= Banknotes of the Bank of Ireland (Northern Ireland) =

Banknotes have been issued by the Bank of Ireland for circulation in Northern Ireland since 1922.

==History==
Although the Bank of Ireland is not a central bank, it does have Sterling note-issuing rights in the United Kingdom. While Bank of Ireland is headquartered in Dublin, in the Republic of Ireland, it has operations in Northern Ireland, where it retains the legal right (dating from before the partition of Ireland) to print its own banknotes. These are pound sterling notes and equal in value to Bank of England notes, and should not be confused with banknotes of the former Irish pound.

The Bank of Ireland does not issue banknotes in the territory of the Republic of Ireland; until the Republic joined the euro in 1999, the only note-issuing bank there was the Central Bank of Ireland.

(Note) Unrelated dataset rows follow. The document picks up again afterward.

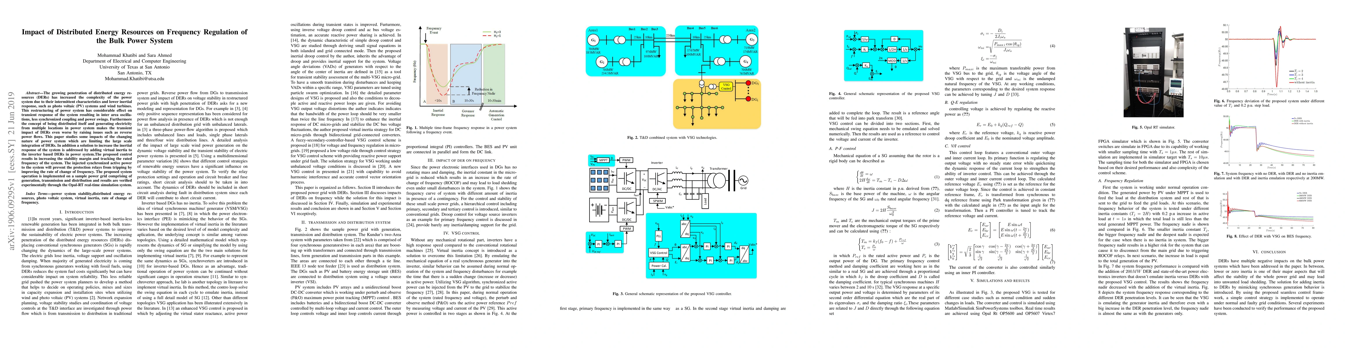 This paper investigates how the increasing integration of distributed energy resources (DERs) affects the frequency regulation of the bulk power system, highlighting issues like inter-area oscillations and reverse power flows. It proposes a solution involving virtual inertia added to inverter-based DERs to enhance system stability and frequency regulation, validated through real-time simulations.
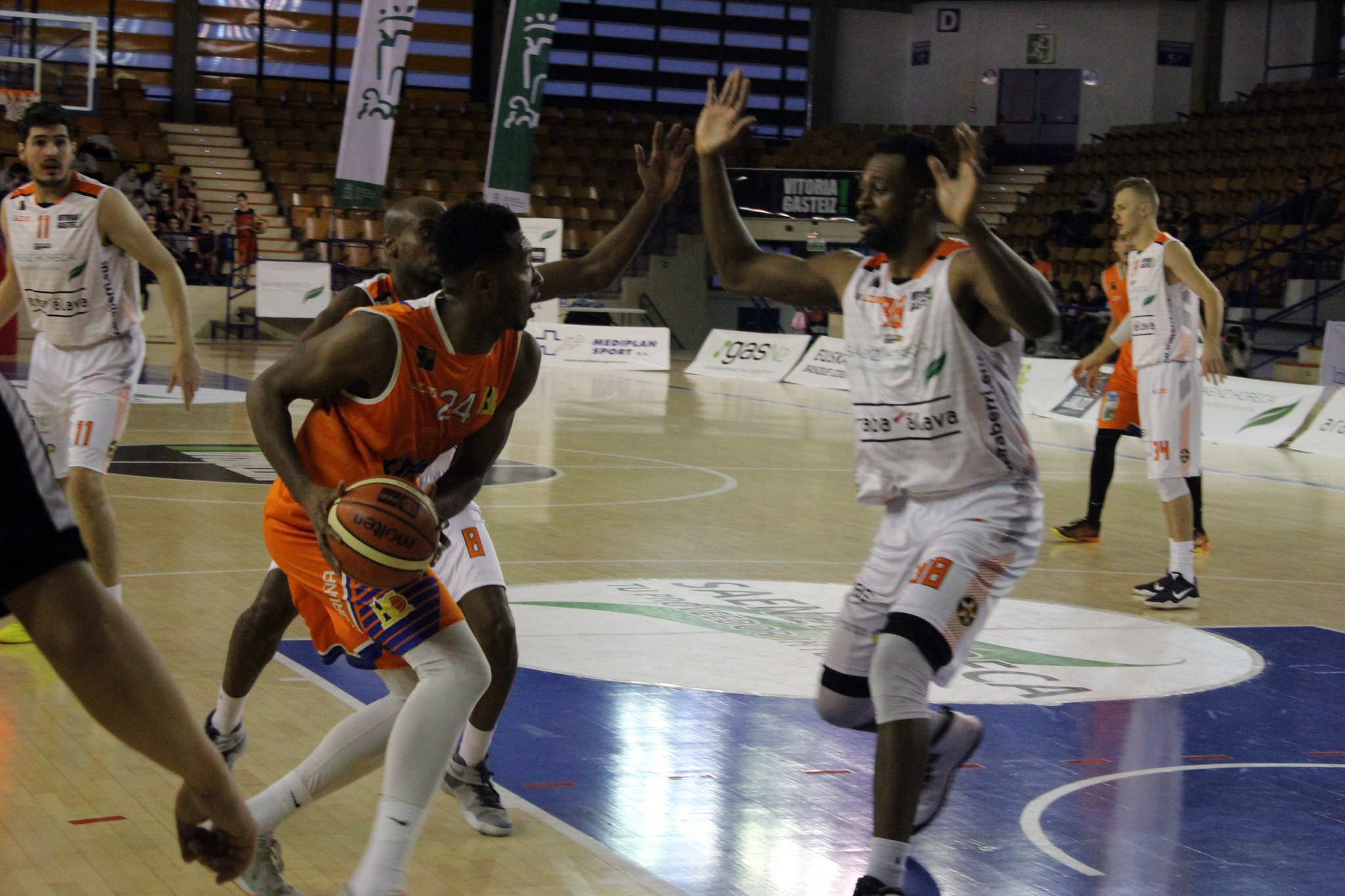 SEGUNDO Y TERCER CUARTO DE BAJA CALIDAD. El segundo y tercer período fueron iguales en su calidad, bastante baja, parecido más a un pasacalles que a un partido de baloncesto. La diferencia entre uno y otro fue clara. La tendencia del segundo cuarto fueron los alocados parciales. Tras el 26-30 un 11-0 local (37-30) respondido por uno idéntico de (37-41) con Javi Múgica en plan estelar (8 puntos). La canasta postrera de Bivià dejaba el 39-41 al descanso. El tercer cuarto con la misma tónica de poquísimas diferencias entre ambos equipos, dos puntos a lo sumo para uno u otro equipo. La diferencia llegó hasta los cinco puntos (58-53) con un triple sobre la bocina de Fornas que dejaba una injusta diferencia a favor del equipo local.
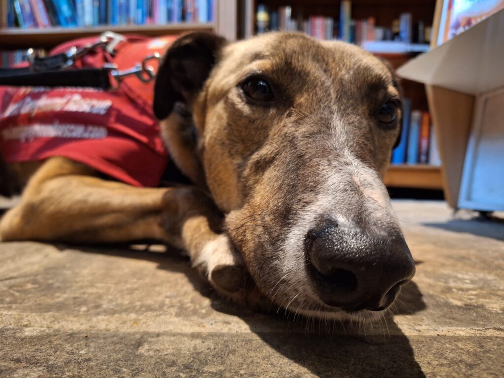 Charlie Bear is a very sweet boy. He’s fairly big ….. the height of a small greyhound, but ‘big boned’ with lovely big feet and a wider face. Charlie loves his humans and bonds with new friends in a matter of minutes. He is kind, cuddly and funny.
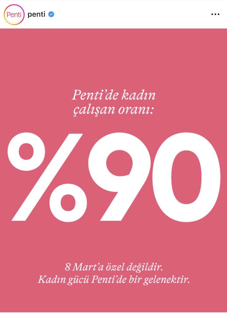 Çorap ve iç giyim devi Penti, bu yılki 8 Mart iletişimini sade ama güçlü bir veriyle şekillendirdi: Penti’de kadın çalışan oranı yüzde 90. Marka, sosyal medya paylaşımında şu notu düştü: “8 Mart’a özel değildir. Kadın gücü Penti’de bir gelenektir.”
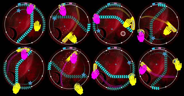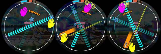 (8)有种扇形的slide会从起点放出三个星星头,这个扇形的辐射区域形似Wi-Fi,所以被称为“Wi-Fi星星”。Wi-Fi星星只需要经过中央的C区与终点的三个感应区,终点的三个都得划到,最后的三组判定区中每组都摸到一个就算判定成功,即图1-5中OR连接的三组判定区。此类星星跟随星星头速度,张大手擦拭覆盖区域即可。
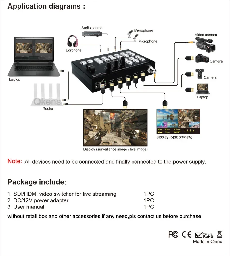 1.Conmutador de vídeo SDI/HDMI para transmisión en vivo 1PCS 2.Adaptador de corriente CC/12 V 1 unidad 3.Manual de usuario 1PCS Sin caja al por menor ni otros accesorios, si es necesario, contáctenos antes de comprar.
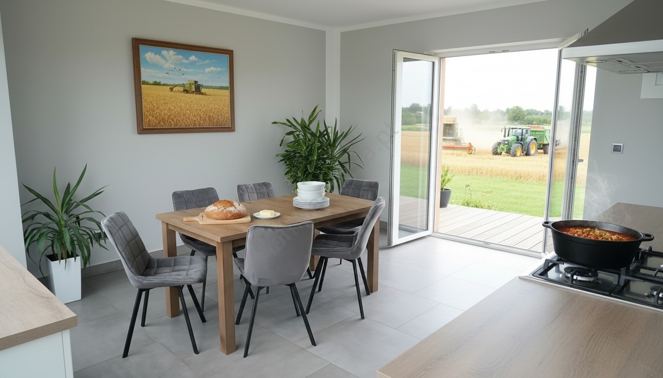 • O acabamento em carvalho confere à mesa de jantar um visual moderno e acolhedor.
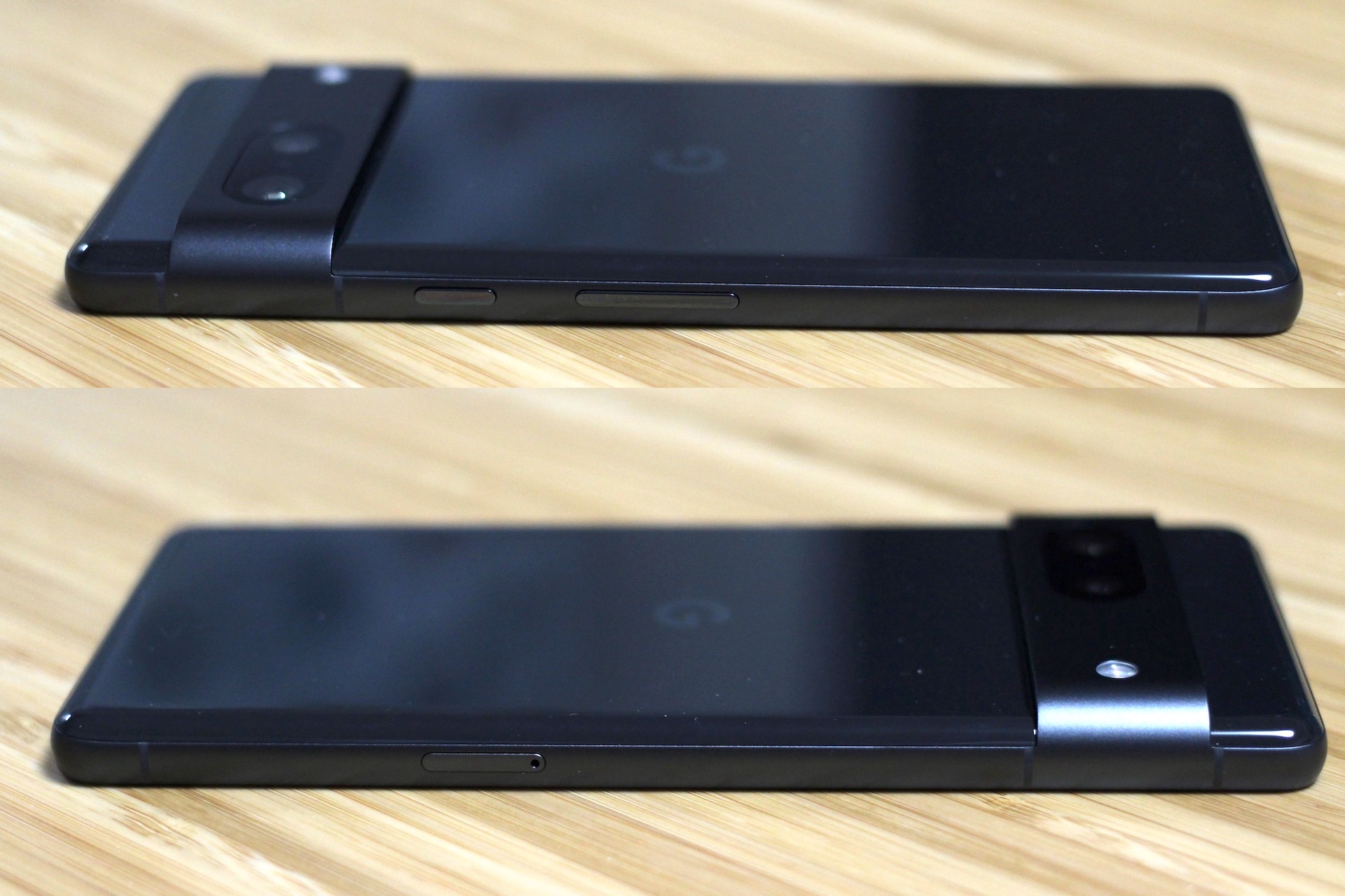 Pixel 7の左右側面。右側には電源/スリープキーや音量上下キー、左側にはnanoSIMカードスロットが配置。アンテナラインも見えます。なお、microSDカードなどの外部ストレージスロットは非搭載です

==Pre-decimal issues (1922–70)==

These issues were issued between 1922 and 1970.

(PS catalogue numbers to be inserted)

==Decimal issues (1971–)==

A £5 Sterling note issued by Bank of Ireland in Northern Ireland

These issues have been issued since the United Kingdom of Great Britain and Northern Ireland changed over to decimal currency on 15 February 1971.

The obverse side of Bank of Ireland banknotes features the Bank of Ireland logo, below which is a line of heraldic shields each representing one of the six counties of Northern Ireland. Below this is a depiction of a seated Hibernia figure, surrounded by the Latin motto of the Bank, Bona Fides Reipublicae Stabilitas ("Good Faith is the Cornerstone of the State").

A new series of Bank of Ireland notes, in denominations of £5, £10 and £20, were issued in April 2008. All of the denominations feature an illustration of the Old Bushmills Distillery on the reverse side. Prior to 2008, all Bank of Ireland notes featured an image of the Queen's University of Belfast on the reverse side.

The current series of Bank of Ireland banknotes, in denominations of £5, £10, £20 and £50, were issued in 2013. All of the denominations feature an image of Hibernia, a line of shields representing the six counties of Northern Ireland and its logo on the front. The back designs feature an image of the Old Bushmills Distillery, the same image first used for the 2008 series.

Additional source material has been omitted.